I have never tried to dehydrate meat! Cook it first or raw?

I've done pretty much all the other ingredients, the hash browns, the mushrooms, the green pepper and onion, so those are super economical. Those big three cheese, eggs and sausage are the culprits.

It just seems like such a good idea to have everything together. It's lightweight for storage and I don't have to wait until summer to can something.


----------



## gam46

I make other than breakfast meals in jars with my own dehydrated foods. Happen to have some dried eggs which were given to me and have decided to purchase cheese powder even though I have successfully dried my own. Sausage? Oh well, we seldom use it anyway, so will do without.


----------



## SouthCentralUS

The recipes online, in cookbooks and on Youtube make a HUGE amount of food. I put half the amount in the jars and in mylar bags and it is still about 4 meals for the 2 of us.

I plan to try cutting it in 1/4.


----------



## myrtle55

Lazydaisy..I cook meat first, then chop it into small pieces (small so they rehydrate faster ). Have done bulk sausage and burger, chicken,ham and beef. The meat requires longer times to rehydrate than anything else I have done. Just fyi


----------



## readytogo

Back in my army days we used plenty of can dry commodities mix with regular wet stuff; powder eggs/fresh eggs that kind of stuff but at home now and do to the high cost of prefabricate survival food and also the amount of chemicals involved on its production I did away from all of that, I like the basics is more simple and less chances of spoilage, I grow up without refrigeration on a country setting and our basic everyday commodities where salt,flour,sugar,lard,baking soda, powder milk, can milk, and yes we had fresh cow/goats milk and plenty of eggs but to get to the point here at home all my instant meals come fresh from my canings like sausages for breakfast or SOS or meatballs in pasta sauce I do find that the most important commodity to have is dry eggs and dry milk very versatile and useful because the rest can be easily made at home with a good dehydrator for fruits and vegetables and let’s be realistic in a emergency you will not be making gourmet meals anyway, is all about the survival.


----------



## lazydaisy67

Well...ahem. I spent almost the entire day looking at researching and generally finding out all about these dry meals. My brain must not be working correctly because I KNEW you could dehydrate meat....geesh. 

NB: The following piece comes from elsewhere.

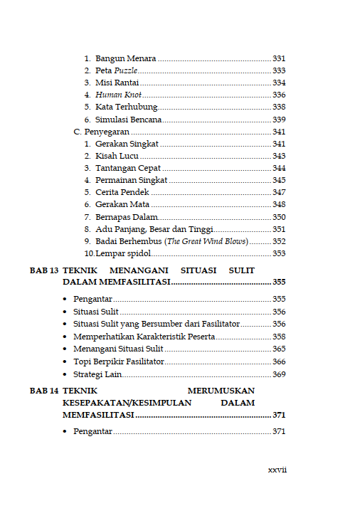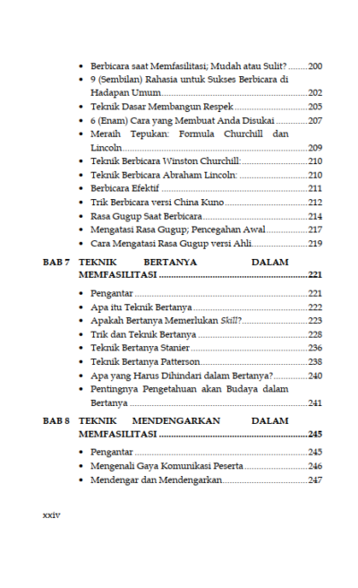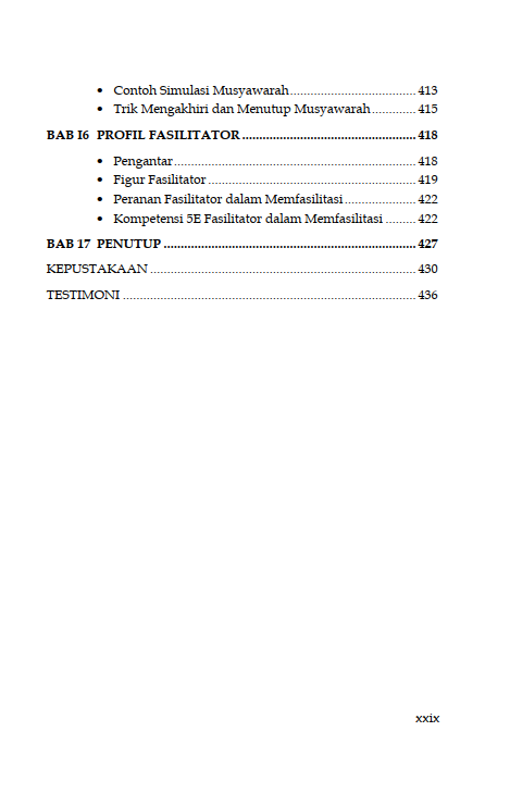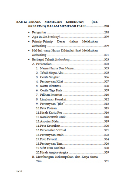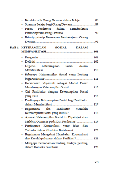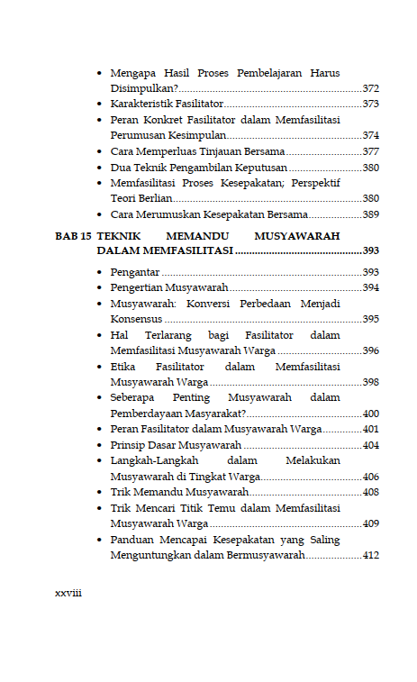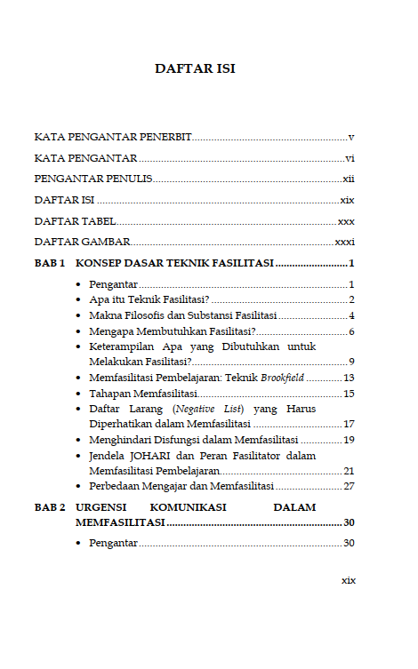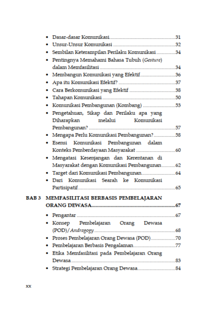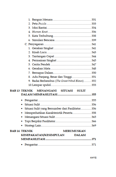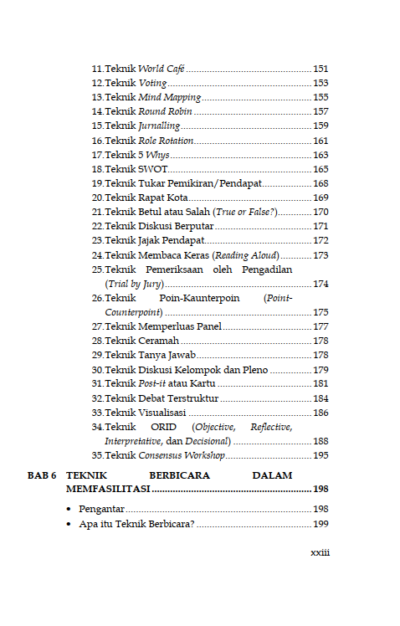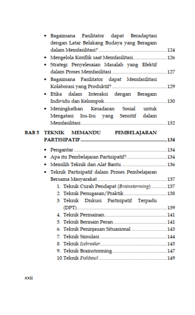 Sinopsis Buku Teknik Fasilitasi Panduan Memfasilitasi Pembelajaran Partisipatif dalam Pemberdayaan dan Pengembangan Masyarakat Buku Teknik Fasilitasi Panduan Memfasilitasi Pembelajaran Partisipatif dalam Pemberdayaan dan Pengembangan Masyarakat Buku Sosiologi yang berjudul Buku Teknik Fasilitasi Panduan Memfasilitasi Pembelajaran Partisipatif dalam Pemberdayaan dan Pengembangan Masyarakat merupakan karya Sakaruddin Mandjarreki. Buku ini mengajak pembaca menelusuri dan menggali kedalaman serta kekayaan praktik fasilitasi, sebuah keterampilan yang tak hanya esensial tetapi juga transformasional, baik bagi individu maupun kelompok. Di setiap bab, pembaca diajak untuk memahami bahwa menjadi fasilitator bukanlah tentang menjadi pusat perhatian, melainkan tentang bagaimana menjadi jembatan yang memungkinkan setiap suara untuk didengar, setiap gagasan untuk dihargai, dan setiap potensi untuk dikembangkan. Dari dasar-dasar komunikasi yang efektif hingga teknik-teknik lanjutan dalam mengelola dinamika kelompok, pembaca diajak untuk menyelami seni dan sains fasilitasi dengan hati dan pikiran yang terbuka. Semoga buku ini tidak hanya menjadi panduan bagi pembaca dalam mengasah keterampilan fasilitasi tetapi juga menjadi sumber inspirasi untuk terus berkontribusi dalam menciptakan ruang-ruang dialog yang produktif, inklusif, dan penuh makna. Berikut Daftar Isi Buku Sosiologi yang berjudul Buku Teknik Fasilitasi Panduan Memfasilitasi Pembelajaran Partisipatif dalam Pemberdayaan dan Pengembangan Masyarakat, diantaranya:

Price is a concern but I think I may try it with some pre-made ingredients just to see if it's as easy and convenient as they look and then go from there with making all my own ingredients. I hate to experiment with this kind of stuff unless I've at least tried to get you guys' opinions about it....


----------



## Genevieve

Look what I found!!! I was perusing pinterest this morning and found a link for 493 meals in a jar :2thumb:

http://www.savebiglivebetter.com/2013/04/472-easy-meals-in-a-jar-recipes.html

I've saved the website to my bookmarks and will definitely be checking the recipes out over the next few weeks.


----------



## LincTex

Genevieve said:


> Look what I found!!! I was perusing pinterest this morning and found a link for 493 meals in a jar :2thumb:
> http://www.savebiglivebetter.com/2013/04/472-easy-meals-in-a-jar-recipes.html
> .


Very cool!

What are your water sources? Do you have a plan to obtain untainted water for these meals?


----------



## weedygarden

lazydaisy67 said:


> Well...ahem. I spent almost the entire day looking at researching and generally finding out all about these dry meals. My brain must not be working correctly because I KNEW you could dehydrate meat....geesh.
> 
> Price is a concern but I think I may try it with some pre-made ingredients just to see if it's as easy and convenient as they look and then go from there with making all my own ingredients. I hate to experiment with this kind of stuff unless I've at least tried to get you guys' opinions about it....


A few years ago I saw someone who does a bit of a variation on Meals in a Jar. She makes meals in a gift bag. Instead of dehydrated meats, she used canned meats. Meals were assembled into gift bags.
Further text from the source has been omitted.